» **Exercise goal**
Below is a listing. Return the lines from the one that contains "英語かるたをしている様子" to the one that contains "Olentzero bera goratu", both ends included, verbatim and with no pictures.

» **Records for the task**
^^^^
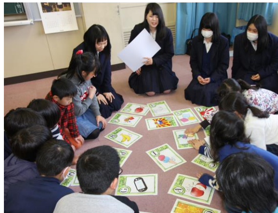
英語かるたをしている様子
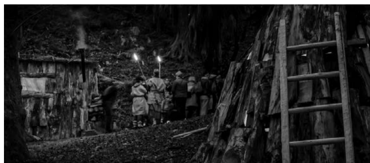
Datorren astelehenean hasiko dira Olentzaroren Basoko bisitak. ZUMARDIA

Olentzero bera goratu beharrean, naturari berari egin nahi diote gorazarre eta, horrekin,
^^^^
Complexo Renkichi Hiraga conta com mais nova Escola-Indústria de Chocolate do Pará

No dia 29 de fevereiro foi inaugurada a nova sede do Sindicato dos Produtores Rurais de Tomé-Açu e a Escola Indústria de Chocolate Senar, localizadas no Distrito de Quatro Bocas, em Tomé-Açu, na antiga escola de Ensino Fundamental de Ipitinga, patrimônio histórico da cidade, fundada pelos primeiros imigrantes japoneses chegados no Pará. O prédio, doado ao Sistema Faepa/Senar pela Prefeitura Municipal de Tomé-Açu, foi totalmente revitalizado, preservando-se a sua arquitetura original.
^^^^
» **Completed task**
英語かるたをしている様子
Datorren astelehenean hasiko dira Olentzaroren Basoko bisitak. ZUMARDIA

Olentzero bera goratu beharrean, naturari berari egin nahi diote gorazarre eta, horrekin,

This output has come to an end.